Different Types of Frauds in Accounting
Accounting fraud does refer to manipulation of financial or accounting records deliberately with the aim of making the monetary condition or financial performance of an entity appear better than they really are. Accounting fraud examples are of different types such as under-recording depreciation expenses, over-recording of revenue from sales, refusing to disclose investments that are risky and cunning accounting practices as well as the merging of long and short-term debt into a single amount with the aim of showing the company liquidity in better terms.
Financial fraud involves different basic types. Embezzlement is probably the most common, also known as larceny referring to the illegal utilization of finances by the person given the mandate of controlling them such as an accountant, using an organization's funds to fund personal needs. Embezzlement is huge around the world, but doesn't make it into the media largely because companies and governments want to keep the embarrassing details to themselves.
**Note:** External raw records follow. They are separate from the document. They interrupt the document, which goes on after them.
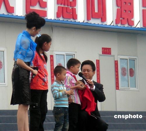 5月10日,心连心艺术团赴四川灾区慰问演出在绵竹举行,百余明星参与演出,为坚强的灾区群众送上祝福。中新社发 李乾波 摄
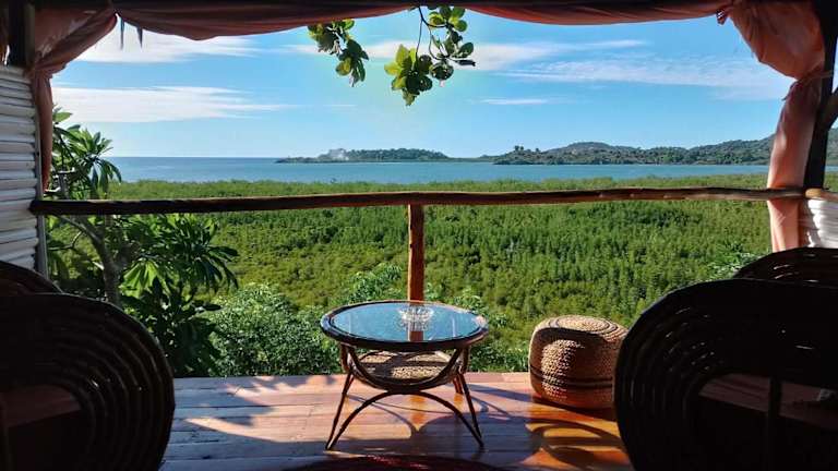 Das Corto Novo Maison d'hôtes-Camping ist idyllisch in einem tropischen Garten gelegen und bietet einen atemberaubenden Panoramablick auf das Meer und die Mangroven. Der Strand Andilana ist nur 5 Minuten entfernt und der Mont Passot sowie der internationale Flughafen Fascène sind in kurzer Zeit erreichbar. Diese ideale Lage ermöglicht es den Gästen, die Schönheit von Nosy Be zu entdecken und gleichzeitig die Nähe zum Meer und zur Natur zu genießen.
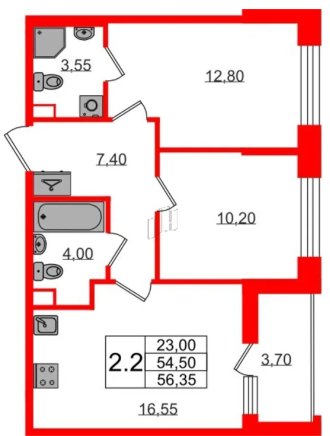 Двухкомнатные квартиры (9 квартир, 9 планировок)
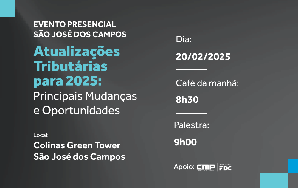 No dia 13/03 (quinta-feira) às 08h30, realizaremos o evento “Reforma Tributária e os Setores Imobiliário e da Construção Civil”, que contará com a participação de Daniel Pazinatto – sócio
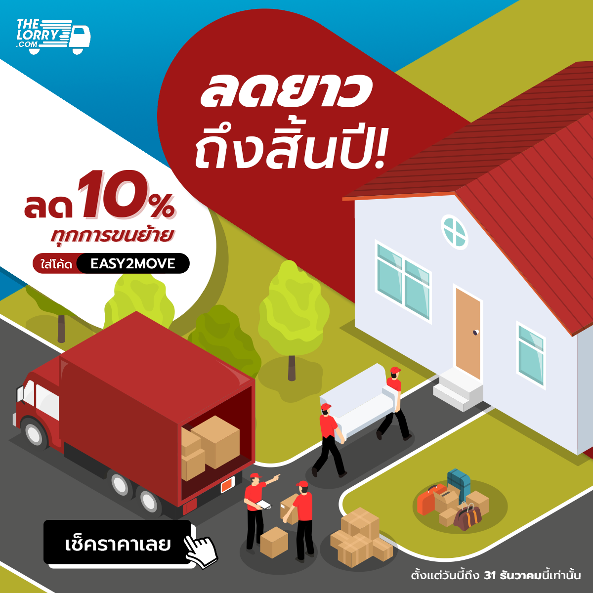 สำหรับช่วงนี้ไปจนถึงสิ้นปี มีโค้ดโปรโมชั่น EASYTOMOVE ลดราคา 10% สำหรับทุกการขนย้าย เมื่อใช้บริการขั้นต่ำ 500 บาทขึ้นไป

In most cases, the embezzler and the business usually settle the matter privately to avoid negative public reactions.
Another form of accounting fraud is internal theft, involving the theft of assets belonging to an entity by employees. It can be as simple as leaving with office supplies or taking away company products without permission or even paying for the goods. The outcome of internal theft is the shrinking of inventory.
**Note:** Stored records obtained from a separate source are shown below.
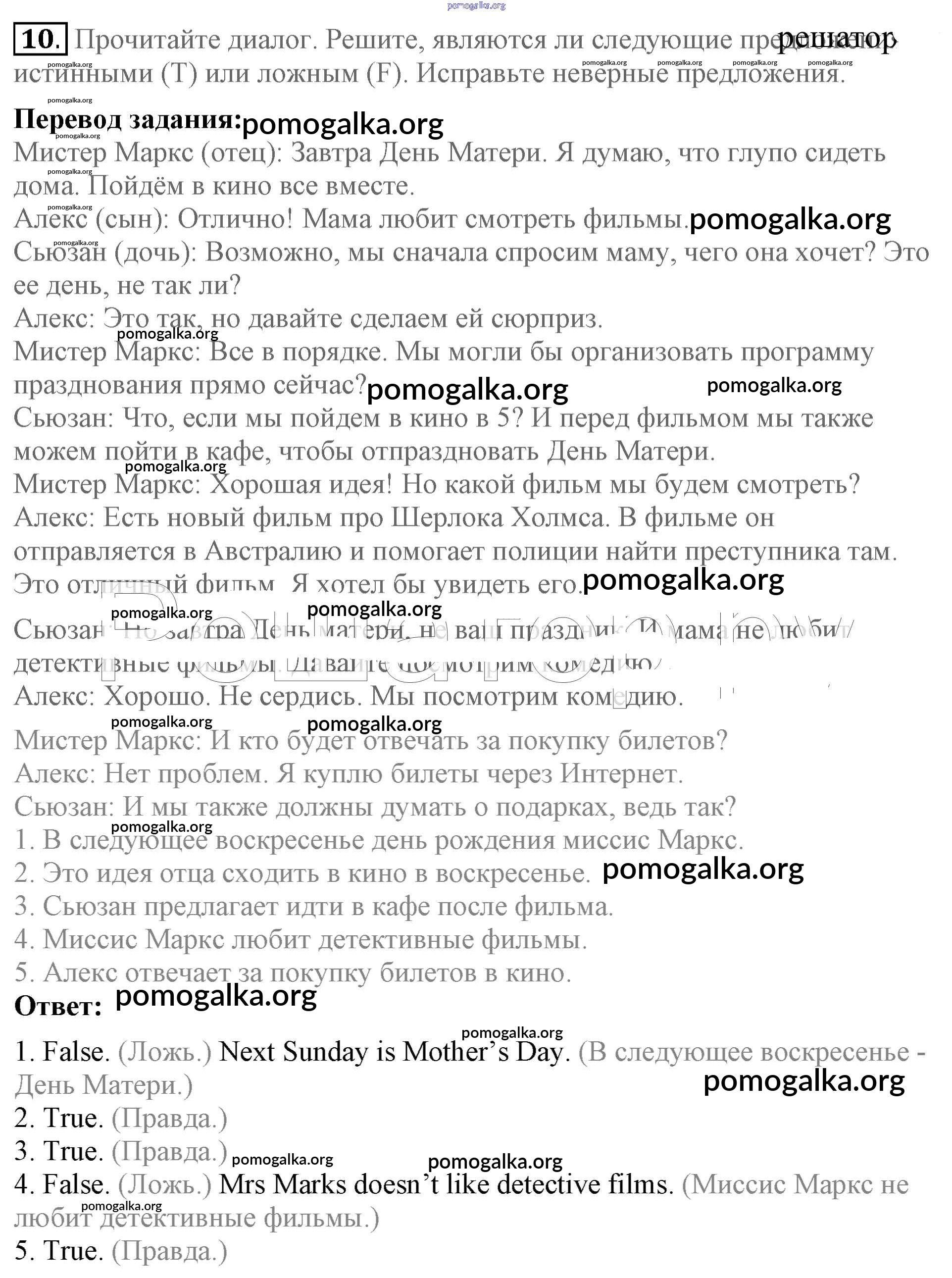 Готовые ответы - Английский язык 5 класс Enjoy English Биболетова М.З. - unit 2 10
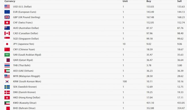 अमेरिकी डलरको खरिद दर १३३ रुपैयाँ ०३ पैसा र बिक्री दर १३३ रुपैयाँ ६३ पैसा रहेको छ । आज युरो एकको खरिद दर १४३ रुपैयाँ ४९ पैसा र बिक्री दर १४४ रुपैयाँ १३ पैसा रहेको छ।
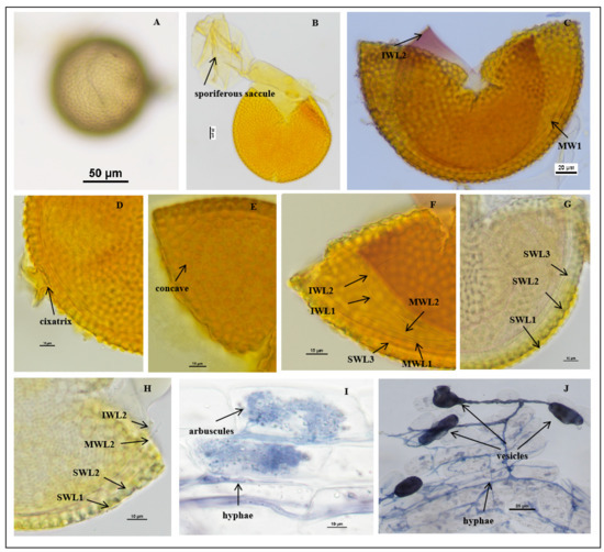 Acaulospora guangxiensis spores. (A) Intact spores in water; (B) crushed spore and sporiferous saccule; (C–H) spore wall layers, L1 smooth, hyaline and evanescent and completely shed; SWL2 and SWL3 laminate and similar color; in some spores, the boundaries between layers are difficult to distinguish; middle wall (MWLl–MWL2) hyaline, semiflexible bilayered tightly adherent; inner wall (IWL1–IWL3) hyaline, consists of three layers. Note: MW and IW are easily separated in PVLG, and IWL3 shows a pale pink reaction to Melzer’s reagent. (G,H) Cicatrix circular to subcircular, slightly raised collar; (I,J) mycorrhizal structures of A. guangxiensis in roots of C. junos stained in Quink ink–vinegar solution: hyphae (J), vesicles (J), and arbuscules (I); (B–F) in Melzer’s reagent; (G) in PVLG + Melzer’s reagent; (H) in PVLG reagent.
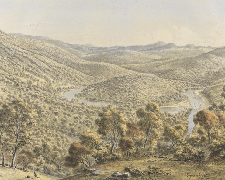 PhD student Hugh Cowie is exploring the historical artwork Junction of the Buchan and Snowy Rivers, created in 1867 by artist Eugene von Guérard. The colour lithograph (right) depicts the landscape where the Buchan and Snowy Rivers meet in East Gippsland.

Kickbacks and payoffs refer to situations where employees go ahead and accept diverse benefits and cash to allow entities access the business of the company, with the organization where the individual works overpays for services or goods than the case should be. All the extra funds end up with the employee facilitating the access to the business.
Another form of accounting fraud occur once company workers take away funds from business receipts without actual recording of the revenue as required on the right accounting books. Each of this accounting crime could take place anywhere, from large to medium and small business.
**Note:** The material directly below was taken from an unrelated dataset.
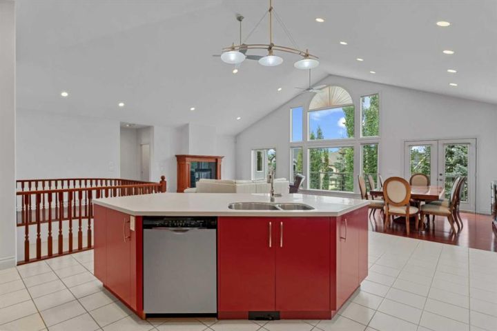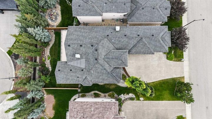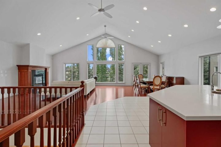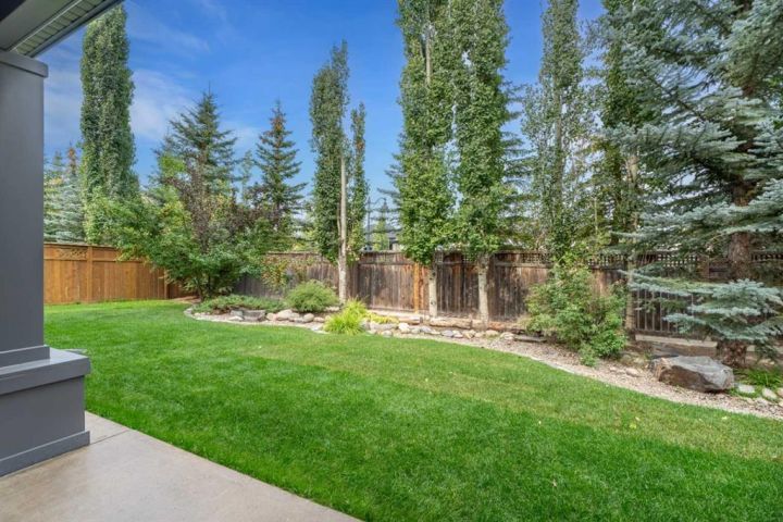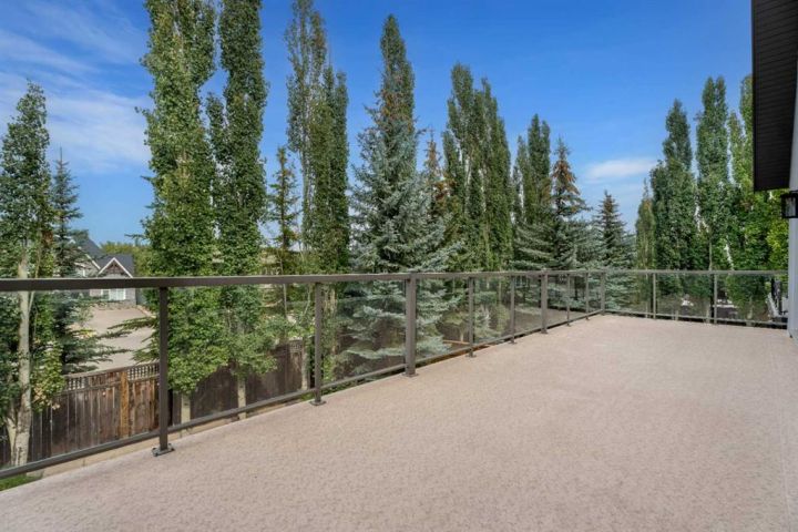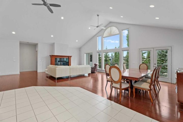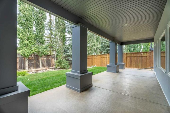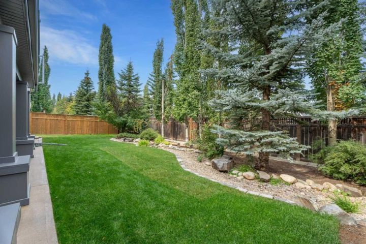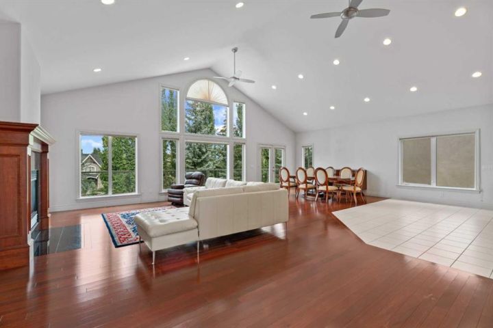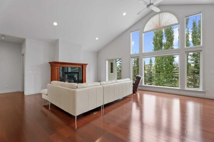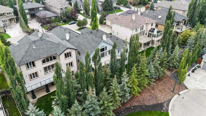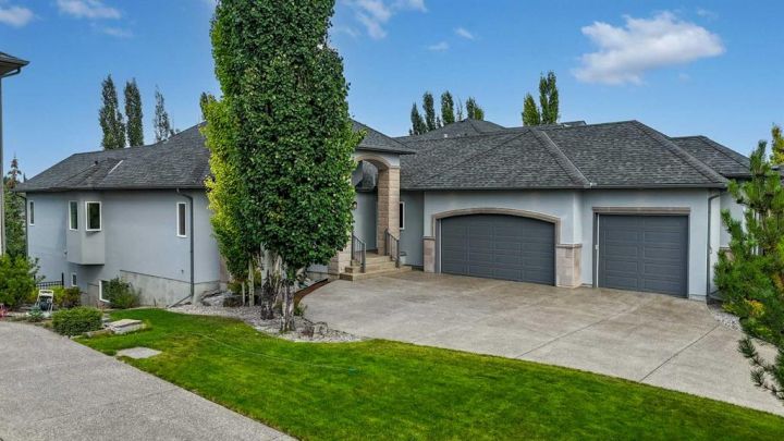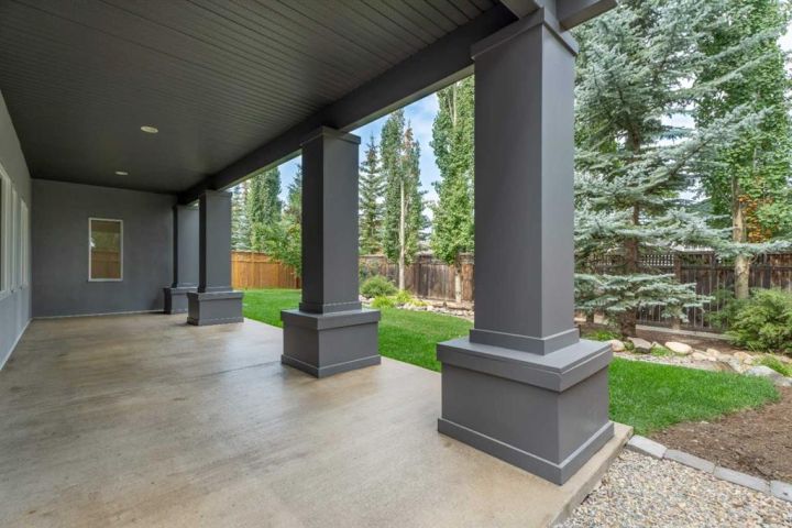 Welcome to this exceptional estate residence in the prestigious community of Aspen, perfectly situated on a beautifully landscaped 8,471 sq. ft. lot that offers privacy, mature trees, and no homes directly behind. This immaculate bungalow showcases timeless craftsmanship with over 4,600 sq. ft. of living space, thoughtfully designed for both everyday comfort and elegant entertaining. From the moment you arrive, the home makes a statement with its oversized triple garage, a newly refinished driveway with ample room for additional parking, and stunning curb appeal that sets the tone for what’s inside. Step into the main level where soaring vaulted ceilings and expansive windows create a bright, airy atmosphere that is both warm and inviting. The open floor plan flows seamlessly between the living, dining, and kitchen areas, highlighted by a large deck that extends the living space outdoors and overlooks the lush, private backyard. A spacious front office with a nearby 4-piece bath provides the ideal work-from-home setup or easily functions as a second main-floor bedroom. The primary retreat is tucked away for privacy and comfort, featuring a generous 5-piece ensuite with dual vanities, a separate soaker tub and shower, and a private water closet. A large laundry and mudroom with sink adds practicality, while the thoughtful layout ensures convenience throughout. The professionally developed walkout basement nearly doubles the living space, offering a massive recreation and games room perfect for family gatherings or entertaining guests. Comfort is paramount with two dedicated in-floor heating zones—one for the bedroom wing, which includes two spacious bedrooms and a 4-piece bathroom, and another for the expansive recreation space. A freshly sealed lower-level patio opens onto the meticulously maintained backyard, where mature landscaping, newer fencing, and carefully designed outdoor spaces create a peaceful oasis. Additional highlights of this home include central air conditioning for year-round comfort, a water softener, built-in central vacuum with attachments, and abundant storage space. Every detail reflects the pride of ownership and meticulous care that has gone into maintaining this home. Combining an enviable location in Aspen’s sought-after estate area with a rare blend of space, privacy, and elegance, this residence offers a truly unique opportunity to own a forever home in one of Calgary’s premier communities.

Forensic accounting and fraud examination help to spot fraud signs and ensure there's a clear way of reporting any suspicion. Internal controls help ensure all financial crimes are found out and culprits identified through fraud examination in forensic accounting practices. Internal audits help in fraud examination and forensic accounting as happened to identify the accounting fraud at WorldCom. An internal audit at WorldCom (U.S. second largest phone company dealing with long distance at the time) had reported the discovery of improper recording of profits totaling $3.3 billion on company books between 1999 and the first few months of 2002 in addition to another $3.8 billion in expenses improperly indicated as capital investments. After revision of WorldCom financial statements the company's profits in year 2000 were expected to dip by $3.2 billion.
Freshbooks - Software to Help You Deal with Accounting Fraud
Most companies remain in darkness about cases of accounting fraud due to improper tracking of business financial reports and financial statements. This is especially the case when accountants and bookkeepers are involved in the fraud and cook books to hide their clandestine evils. With proper accounting software this matter can be easily addressed, such as FreshBooks. FreshBooks accounting software ensures every business owner knows how their business is performing to avoid unwanted surprises of accounting fraud through a straightforward access to business financial reports.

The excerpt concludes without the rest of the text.